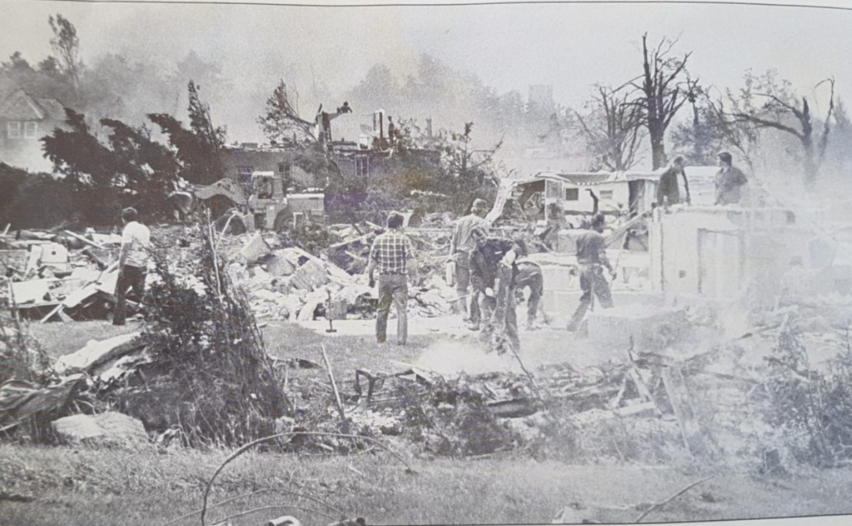 John & Henry Schut of H&J Schut Construction (my dad and uncle) had built a subdivision of roughly 40 homes in the southwest corner of Woodstock. It took a direct hit, and all the homes had to be rebuilt. One home had an aluminum rowboat lodged in the rafters of the garage. Not only was it impossible for the homeowners to have stored such a boat there, but it wasn't even theirs. We never found out where it actually came from, or who owned it.
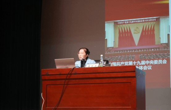 唐兰兰首先围绕党的十九届六中全会概况、召开的意义、全会看点等精神进行全面、深入地解读。她指出,党的十九届六中全会揭示了“过去我们为什么能成功,未来我们怎样才能继续成功”;总结了我们党一百年来团结带领人民从胜利走向胜利的伟大历程,增强了我们前进的勇气和力量;回顾了我们党一百年来从小到大、从弱到强的成长历程,增强了全党团结统一的自觉性和坚定性。她希望同学们勿忘昨天的苦难辉煌,无愧今天的使命担当,不负明天的伟大梦想。历史、现实、未来是相通的,在对历史的深入思考中做好现实工作、更好的走向未来,不忘初心,方得始终。
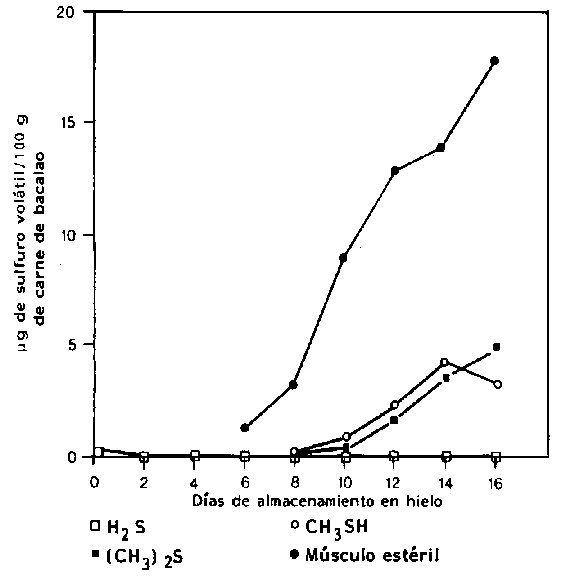 Los compuestos sulfurados volátiles son componentes típicos del pescado deteriorado y la mayoría de las bacterias identificadas como bacterias específicas del deterioro producen uno o algunos sulfuros volátiles. S putrefaciens y algunas Vibrionaceae producen H2S a partir del aminoácido sulfurado 1-cisteína (Stenstroem y Molin, 1990; Gram et al., 1987). Por el contrario, ni Pseudomonas o P. phosphoreum producen cantidades significativas de H2S. De esta forma el sulfuro de hidrógeno, compuesto típico del deterioro del bacalao almacenado aeróbicamente en hielo, no se produce durante el deterioro del pescado empacado en CO2 (Dalgaard et al., 1993). El metilmercaptano (CH3SH) y el dimetilsulfuro ((CH3)2S) son formados a partir del otro aminoácido sulfurado, la metionina. La taurina, que también contiene sulfuro, se presenta como aminoácido libre en muy altas concentraciones en el músculo del pescado. Este aminoácido desaparece del músculo del pescado durante el almacenamiento (Figura 5.11), pero debido más al goteo que al ataque bacteriano (Herbert y Shewan, 1975). En la Figura 5.15 se muestra la formación de compuestos en el bacalao deteriorado naturalmente, comparado con el músculo estéril.
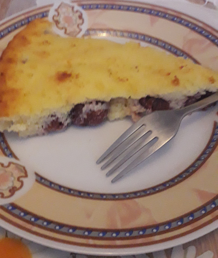 Krok 2: Těsto nalijeme do kulaté formy a navrch dáme višně nebo jiné ovoce.
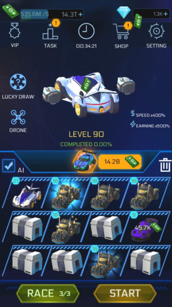 ·多种赛车模型拥有大量特色的造型款式,尽情的打造你最爱的个性风格;
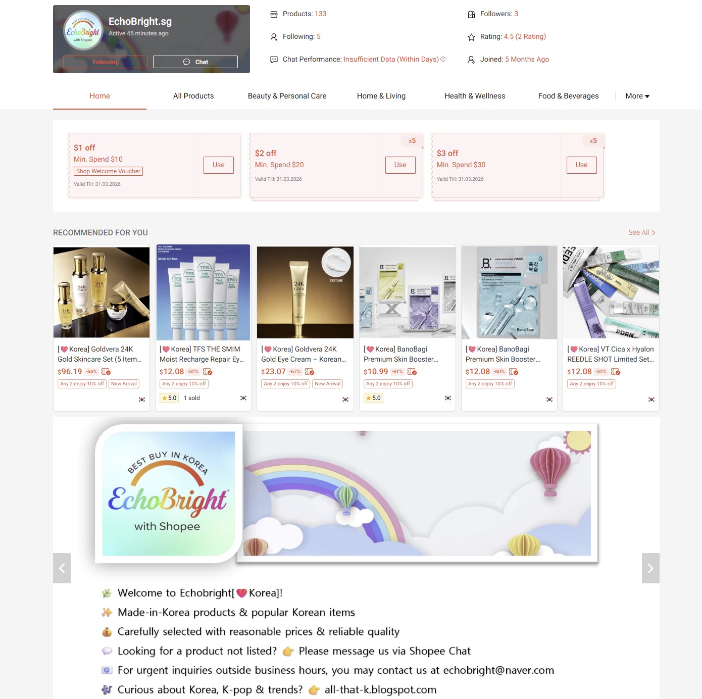 | 쇼피 Shopee 찐 소개 : 한국 뷰티를 더 가깝게, EchoBright 이야기 (4) | 2026.01.22 |

◆ EXERCISE BRIEF
Can you retype every record above exactly, leaving out the pictures?

◆ YOUR SOLUTION
 John & Henry Schut of H&J Schut Construction (my dad and uncle) had built a subdivision of roughly 40 homes in the southwest corner of Woodstock. It took a direct hit, and all the homes had to be rebuilt. One home had an aluminum rowboat lodged in the rafters of the garage. Not only was it impossible for the homeowners to have stored such a boat there, but it wasn't even theirs. We never found out where it actually came from, or who owned it.
 唐兰兰首先围绕党的十九届六中全会概况、召开的意义、全会看点等精神进行全面、深入地解读。她指出,党的十九届六中全会揭示了“过去我们为什么能成功,未来我们怎样才能继续成功”;总结了我们党一百年来团结带领人民从胜利走向胜利的伟大历程,增强了我们前进的勇气和力量;回顾了我们党一百年来从小到大、从弱到强的成长历程,增强了全党团结统一的自觉性和坚定性。她希望同学们勿忘昨天的苦难辉煌,无愧今天的使命担当,不负明天的伟大梦想。历史、现实、未来是相通的,在对历史的深入思考中做好现实工作、更好的走向未来,不忘初心,方得始终。
 Los compuestos sulfurados volátiles son componentes típicos del pescado deteriorado y la mayoría de las bacterias identificadas como bacterias específicas del deterioro producen uno o algunos sulfuros volátiles. S putrefaciens y algunas Vibrionaceae producen H2S a partir del aminoácido sulfurado 1-cisteína (Stenstroem y Molin, 1990; Gram et al., 1987). Por el contrario, ni Pseudomonas o P. phosphoreum producen cantidades significativas de H2S. De esta forma el sulfuro de hidrógeno, compuesto típico del deterioro del bacalao almacenado aeróbicamente en hielo, no se produce durante el deterioro del pescado empacado en CO2 (Dalgaard et al., 1993). El metilmercaptano (CH3SH) y el dimetilsulfuro ((CH3)2S) son formados a partir del otro aminoácido sulfurado, la metionina. La taurina, que también contiene sulfuro, se presenta como aminoácido libre en muy altas concentraciones en el músculo del pescado. Este aminoácido desaparece del músculo del pescado durante el almacenamiento (Figura 5.11), pero debido más al goteo que al ataque bacteriano (Herbert y Shewan, 1975). En la Figura 5.15 se muestra la formación de compuestos en el bacalao deteriorado naturalmente, comparado con el músculo estéril.
 Krok 2: Těsto nalijeme do kulaté formy a navrch dáme višně nebo jiné ovoce.
 ·多种赛车模型拥有大量特色的造型款式,尽情的打造你最爱的个性风格;
 | 쇼피 Shopee 찐 소개 : 한국 뷰티를 더 가깝게, EchoBright 이야기 (4) | 2026.01.22 |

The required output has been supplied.